All information comes directly from the official SEC brief.
(Cited: )

🔥 FULL BREAKDOWN — LC Computer Science Coursework Report 2026

The written report must be:

Presented as a website (HTML)
Max 2500 words
Include a video ≤ 5 minutes
Worth 90 marks (30% of the LC grade)

Below is each section explained in depth.

✅ SECTION 0: Website Structure & UI – 5 Marks

Marks Available: 5 marks

The examiner awards marks for:

What is required

✔ Your report must be a working offline website saved as HTML
✔ Must include index.html as the main file
✔ Must have images, video, CSS, or subpages all correctly linked locally
✔ Must be clean, readable, and well-organised
✔ Must follow basic UI design principles:

Good headings
Consistent colours and fonts
Easy navigation
Not cluttered

Common mistakes that lose marks

❌ Using Google Sites / Wix / online hosting
❌ Missing video
❌ Broken links
❌ CSS not loading
❌ Index.html not at the top of the Report folder

These errors will result in automatic mark loss and may prevent the examiner from accessing your work.

✅ SECTION 1: Meeting the Brief – 27 Marks (Largest Section)

Suggested Word Count: ~400 words (plus video)

Marks Available: 27 marks

This is where most marks are awarded.

What is required

This section includes your 5-minute max video which must show:

Basic Requirements (must show all)

1️⃣ Embedded system works

1 digital input (button, motion sensor, rain sensor, etc.)
1 analogue input (moisture, light, temperature sensor)
1 digital or analogue output (LED, buzzer, servo, pump)

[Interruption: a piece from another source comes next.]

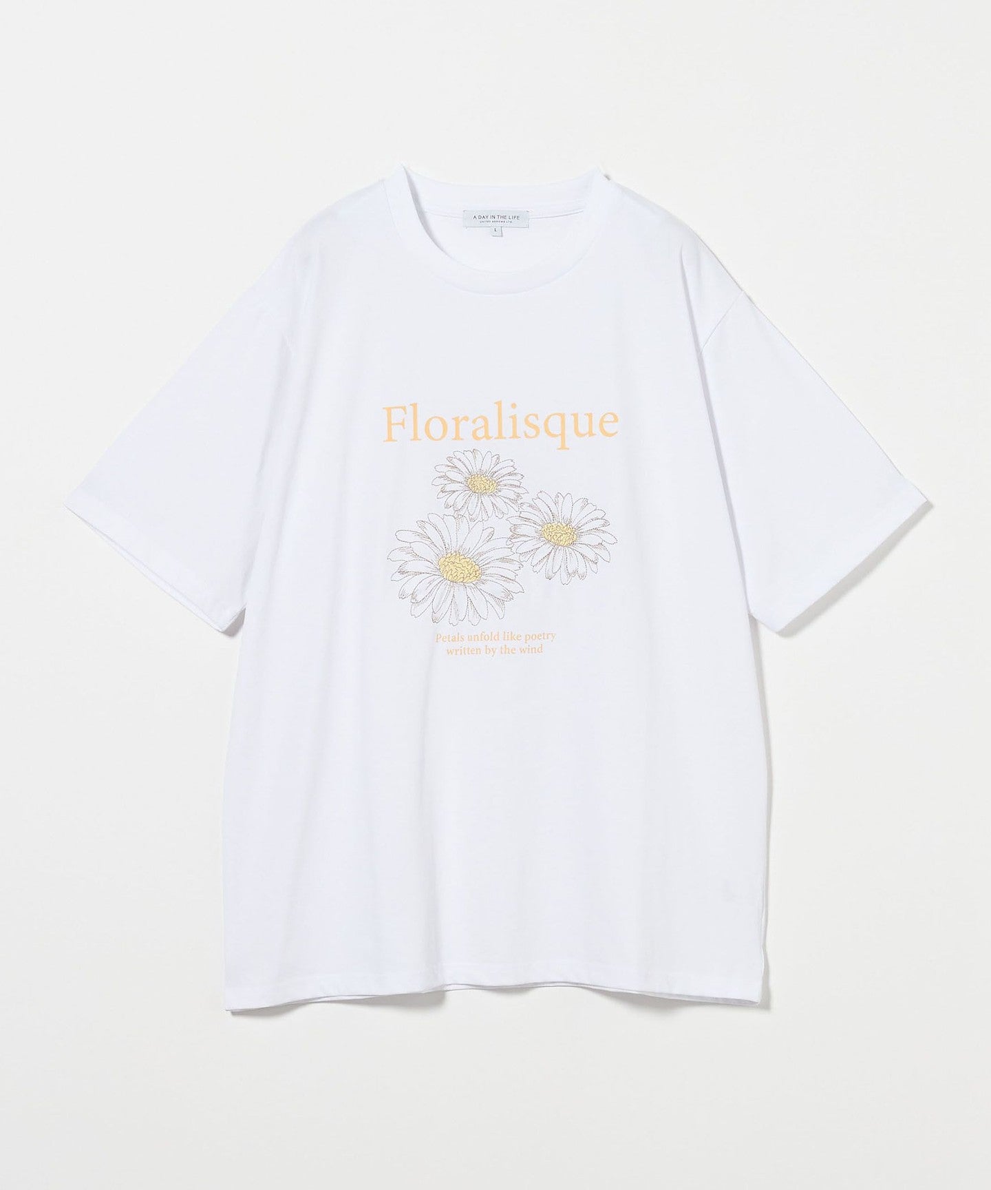 A DAY IN THE LIFEFlower Embroidery Relaxed Crew Neck T-shirt

2️⃣ It collects and stores environmental data

3️⃣ It simulates a real-world forest process
Examples:

Drought cycle
Wildfire probability
Canopy cover
Soil moisture change

Advanced Requirements (must show all)

4️⃣ Your Python disaster risk model
5️⃣ Two “what-if” scenarios
6️⃣ An adaptive feedback mechanism (auto-response)

How to score full marks

Your video should clearly show:

Inputs being triggered
Outputs responding
Data being displayed
Your model running
Your scenarios changing results
Your automatic reaction (e.g., buzzer turning on)

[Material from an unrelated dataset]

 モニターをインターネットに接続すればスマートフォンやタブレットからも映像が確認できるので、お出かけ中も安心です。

The examiner should not have to “assume” anything.

✅ SECTION 2: Investigation – 10 Marks

Suggested Word Count: ~400 words

Marks Available: 10 marks

What is required

This section shows your research.

You must include:

Research on forests, climate change, biodiversity, wildfires, droughts, etc.
Research on embedded systems and real-world solutions
Research on existing models or what-if simulations (NASA, Met Éireann, Teagasc, etc.)
Research on sensors, microcontrollers, environmental monitoring

Most important part

You MUST show how your research influenced your decisions.

Example paragraph:

“After researching existing wildfire early warning systems, I learned that temperature and soil moisture are the two most important variables, so I selected a moisture sensor and used temperature in my Python model.”

To get 10/10

✔ Research is specific
✔ All sources referenced
✔ You show decisions based on research

✅ SECTION 3: Plan & Design – 18 Marks

Suggested Word Count: ~600 words

Marks Available: 18 marks

This is a high-value section where good planning = high marks.

What is required

1. Project Design Objectives

What your system aims to do
Why these features matter
Who will use it

2. Considered Options (must include multiple options)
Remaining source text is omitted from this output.